Applied and Computational Mathematics
Volume 5, Issue 3, June 2016, Pages: 150-159

Distributed Subgradient Algorithm for Multi-agent Convex Optimization with Local Constraint Sets

Qingguo Lü1, Huaqing Li1, 2, *, Li Xiao3

1College of Electronic and Information Engineering, Southwest University, Chongqing, PR China

2State Key Laboratory of Power Transmission Equipment & System Security and New Technology, Chongqing University, Chongqing, PR China

3Department of Mathematics and Information Engineering, Chongqing University of Education, Chongqing, PR China

(Huaqing Li)

*Corresponding author

Qingguo Lü, Huaqing Li, Li Xiao. Distributed Subgradient Algorithm for Multi-agent Convex Optimization with Local Constraint Sets. Applied and Computational Mathematics. Vol. 5, No. 3, 2016, pp. 150-159. doi: 10.11648/j.acm.20160503.19

Received: June 12, 2016; Accepted: June 20, 2016; Published: July 13, 2016

Abstract: This paper considers a distributed constrained optimization problem, where the objective function is the sum of local objective functions of distributed nodes in a network. The estimate of each agent is restricted to different convex sets. To solve this optimization problem which is not necessarily smooth, we study a novel distributed projected subgradient algorithm for multi-agent optimization with nonidentical constraint sets and switching topologies. The algorithm shows that each agent minimizes its own objective function while communicating information locally with other agents over a network with time-varying topologies but satisfying a standard connectivity property. Under the assumption that the network topology is weight-balanced, the noveldistributed subgradient algorithm we proposed is proven to be convergent. Particularly, we suppose the step-size is various, which is different from previous work on multi-agent optimization that makes worst-case assumption with constant step-size.

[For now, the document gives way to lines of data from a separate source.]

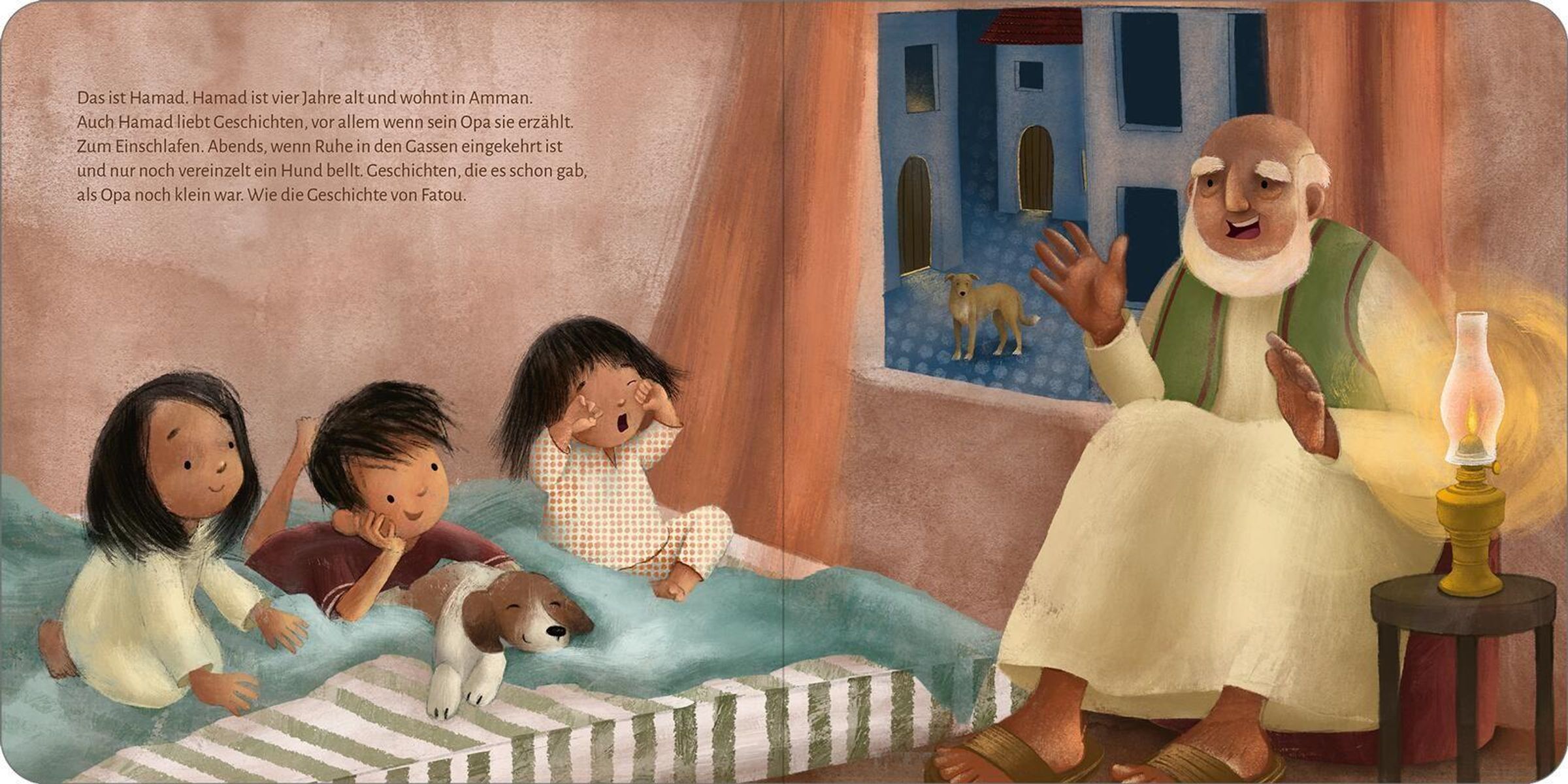 Pia ist zwei Jahre alt. Sie lebt in Deutschland und liebt Geschichten. Wie alle Kinder. Überall auf der Welt. Am schönsten findet sie es, wenn Papa ihr eine zum Einschlafen vorliest. EIne wahre Geschichte soll es sein, aber auch eine Geschichte von weit weg. So wie die Geschichte von Hamad ...
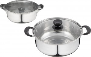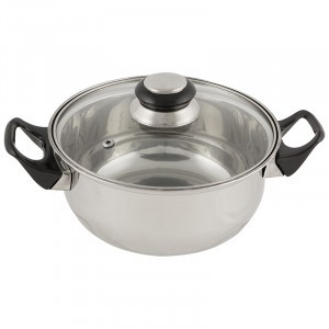 Кастрюля Promo, объем 2,2 л, из нержавеющей стали с крышкой из жаропрочного стекла Материал: нерж сталь, жаропрочное стекло, нейлон толщина стенок 0,3 мм, объем 2,2 л. Размер: 21,5 (диаметр)*8,5 (высо... Показать описаниета без крышки) см. Размер с ручками: 28 см. Высота с крышкой: 12,4 см. Дно однослойное. Подходит для всех типов плит. Не рекомендуется мыть в посудомоечной машине. Зеркальная полировка корпуса внутри и снаружи. Отметки литража. Крышка из жаропрочного стекла С-типа с отверстием для выпуска пара. Ручки: нерж сталь+ нейлон. Упаковка: стикер+термоусадочная пленка.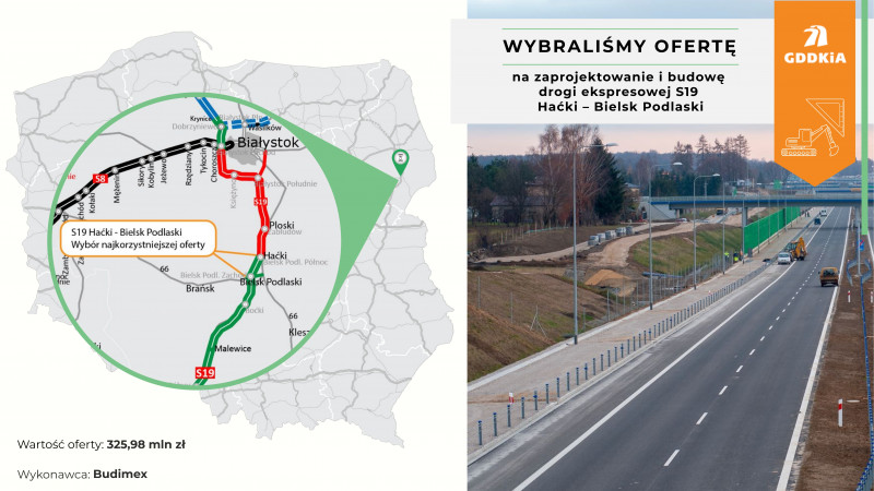 W ubiegłym roku ogłosiliśmy przetargi na 10 odcinków drogi ekspresowej S19 na terenie województwa podlaskiego. Pięć umów już podpisaliśmy i jesteśmy krok przed podpisaniem kolejnej, na 9-kilometrowy odcinek Haćki - Bielsk. Właśnie wskazaliśmy, że najkorzystniejszą ofertę złożyła firma Budimex.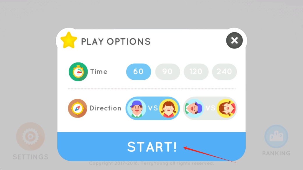 2、在PLAYOPTIONS界面,選擇60秒游戲時(shí)間和對(duì)戰(zhàn)方向,點(diǎn)擊START開啟游戲。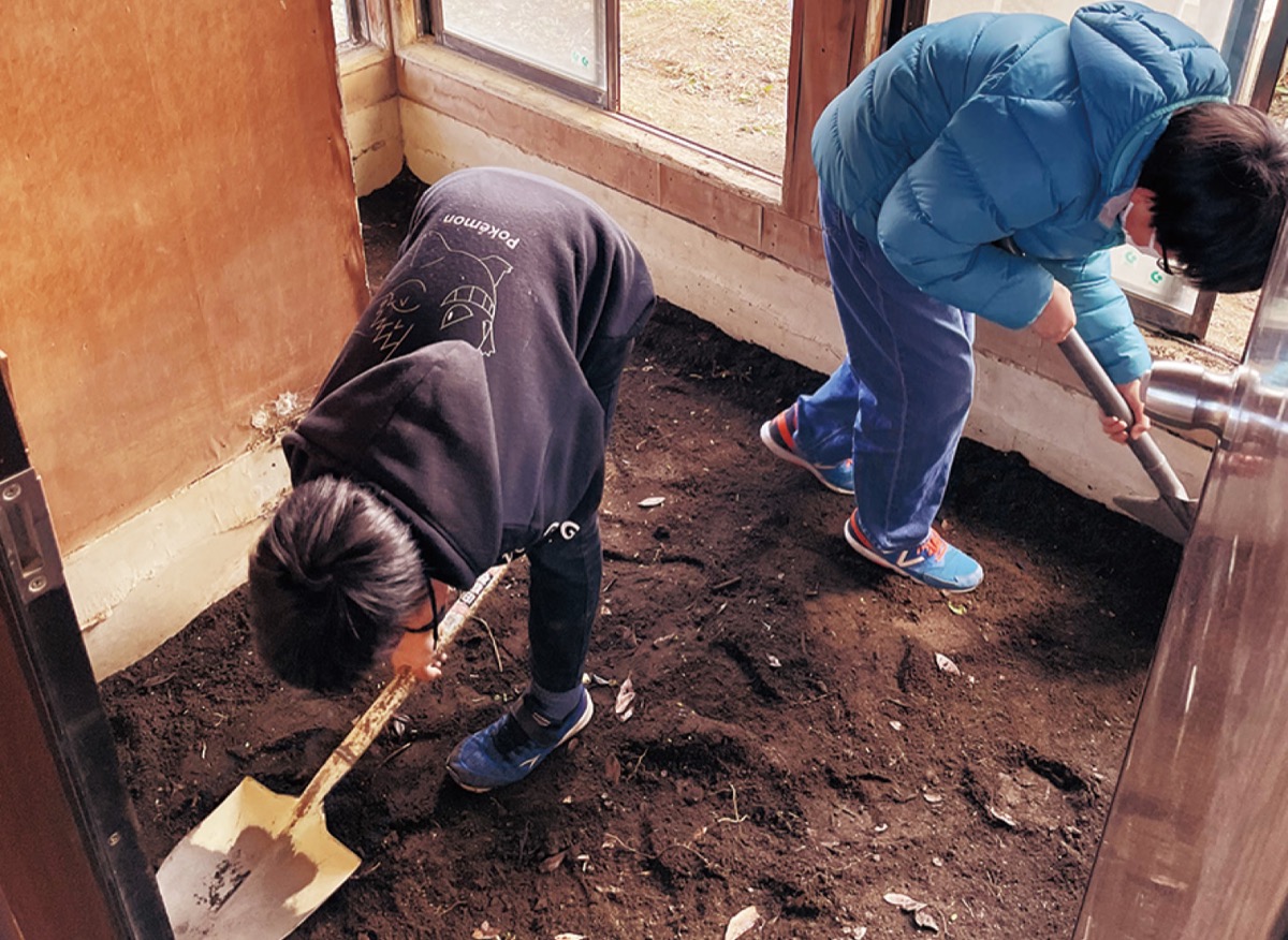 また、学校内の飼育小屋では、植物や花を育てるビニールハウスへの改修作業が行われた。地域のデザイン会社が協力し、日差しが入りやすくするために壁一面がビニールとガラスになり、児童は小屋の中に土を敷いた。2月中には完成させ、卒業式で使う花などを育てる予定だという。
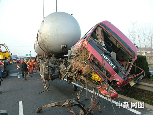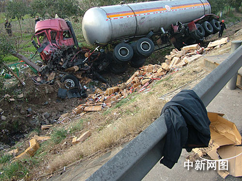 中新網(wǎng)淮安十二月九日電(朱曉穎 閻大偉)七日清晨五時三十分許,京滬高速江蘇淮安楚州段一輛載有一千六百四十箱、萬余把斧頭的大貨車與一輛裝有二十多噸液化氣的槽罐車相撞,由于巨大撞擊力,兩車均沖出護欄、側翻在路邊的溝中,所幸未造成人員傷亡。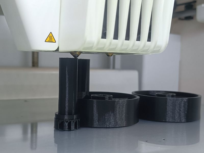 Le temps d'impression dépendra de vos dimensions, nous pour un axe de 10cm et 2 roues de 2cm de larges, nous en avons eu pour 1h30.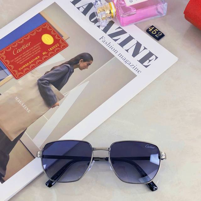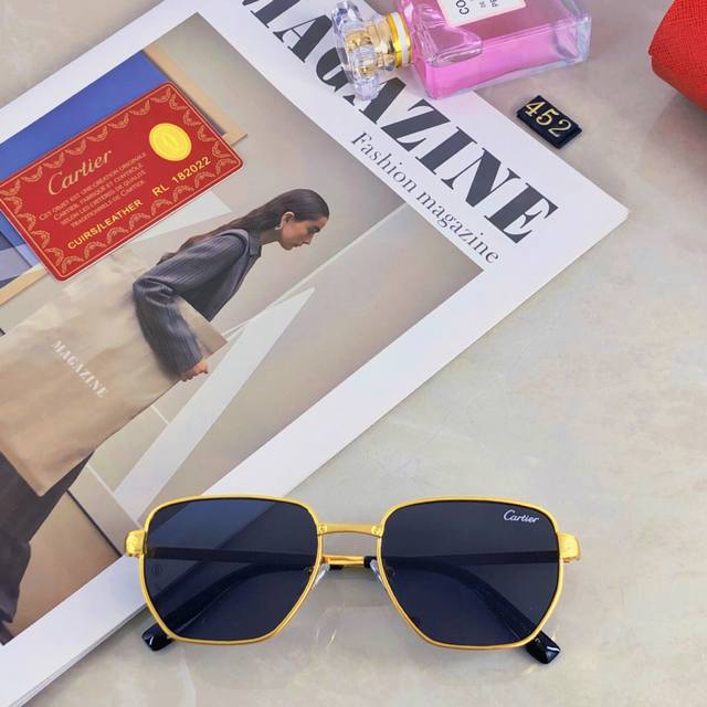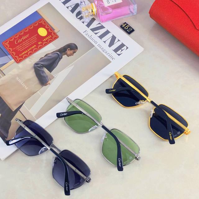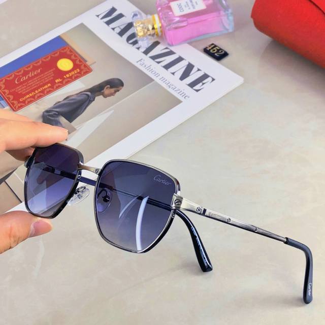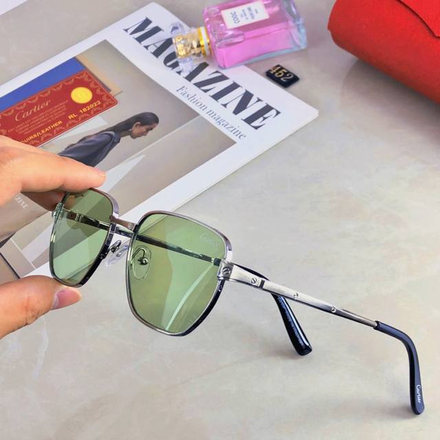Cartie* High-end metallic sunglasses, couple style, 2025 new style, makes round and square faces look smaller, metal frame square sunglasses DDD

Keywords: Distributed Optimization, Subgradient Algorithm, Multi-agent Network, Weight-Balanced

Contents

1. Introduction

In recent years, multi-agent systems and distributed algorithms have received considerable research attentions due to its wide applications in many engineering systems and large-scale networks [1-28], including resource allocation in computer network [16-18], distributed estimation in sensor networks [19], distributed finite-time optimal rendezvous problem [21], and distributed demand response control problem in smart grid [22]. In many networked systems (see e.g. [22-28]), multi-agent are enforced to solve a distributed convex optimization problem, where the global objective function is the sum of local objective functions, each of them  can not be known or shared by other agents.

Distributed optimization of a sum of convex functions has received a surge of interests in recent years.Nedić and Ozdaglar [1] presented an analysis of the consensus-based subgradient method for solving the distributed convex optimization problem. Projection-based distributed algorithm was developed in Nedić et al. [3] for distributed optimization, where each agent was constrained to individual closed convex set and gave corresponding convergence analysis on identical closed convex sets and on uniform weight with non-identical. Further distributed algorithm for set constrained optimization was investigated in Bianchi and Jakubowicz [7] and Lou et al. [10]. To figure out distributed optimization problems with asynchronous stepsizes or inequality–equality constraints, Distributed Lagrangian primal-dual subgradient algorithm and penalty primal-dual subgradient algorithm were shown in Zhu et al. [6], Towfic and Sayed [12], both of them were designed for function constrained problems. Meanwhile, dual decomposition was applied to separable problems with affine constraints in [4,9]. Recent works [15-18] have coordinately put their sights on inequality-equality constraints. Zhu et al. [22] proposed a distributed Lagrangian primal–dual subgradient method which is based on the characterization of the primal–dual optimal solutions as the saddle points of the Lagrangian function associated with the problem. Yuan et al. [25] studied a variant of the distributed primal–dual subgradient method, where the multi-step consensus algorithm was employed to simplify the implementation and convergence analysis of the method. To solve the multi-agent optimization problem with more general inequality constraints that couple all the agents’ optimization variables, Chang et al. [27] proposed a novel distributed primal–dual perturbed subgradient method and established its convergence. The implementation of the aforementioned methods in general involved projection-step onto some primal and dual constraint sets, respectively.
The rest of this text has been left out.